__Task description__: Each line of data below is to be returned exactly, leaving out any picture.

__Provided data__:
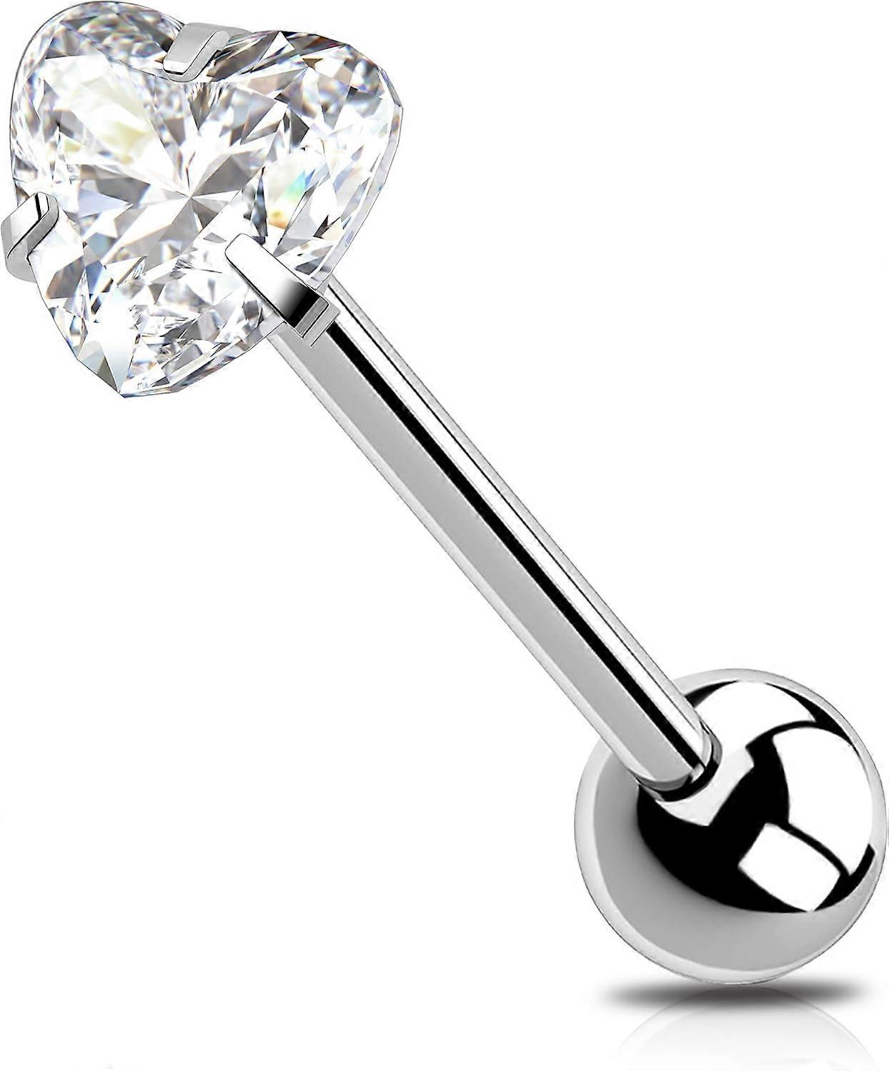 Titanium Tongue Ring 14G Heart Piercing Jewelry - Externally Threaded G23 Star Barbell With Clear CZ for Women Heart
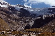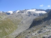 Il faut redescendre une pente extrêmement abrupte dans les cailloux, jusqu'au cirque du Dard, dominé par sa Pointe et son glacier suspendu.
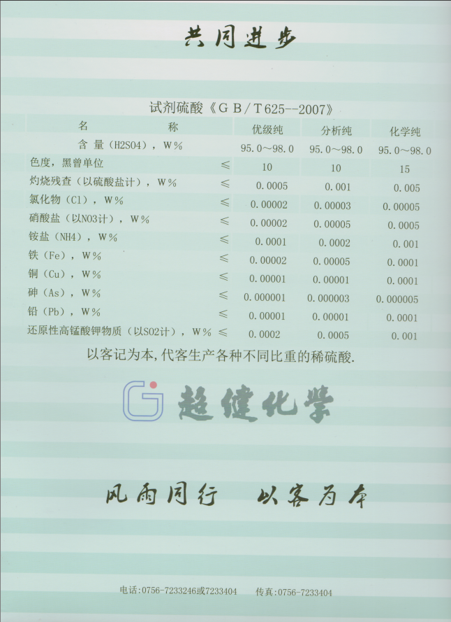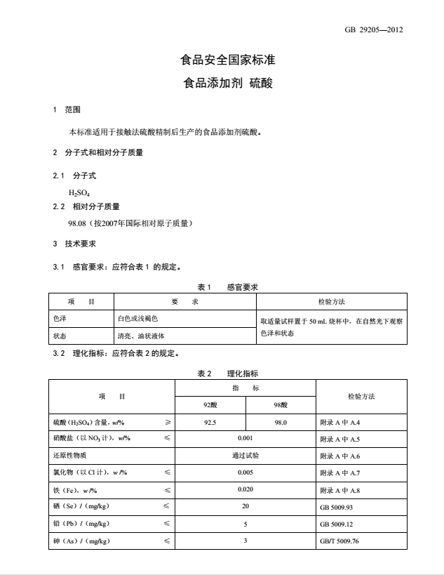 Food grade sulfuric acid product standards

__Task response__:
 Titanium Tongue Ring 14G Heart Piercing Jewelry - Externally Threaded G23 Star Barbell With Clear CZ for Women Heart
 Il faut redescendre une pente extrêmement abrupte dans les cailloux, jusqu'au cirque du Dard, dominé par sa Pointe et son glacier suspendu.
 Food grade sulfuric acid product standards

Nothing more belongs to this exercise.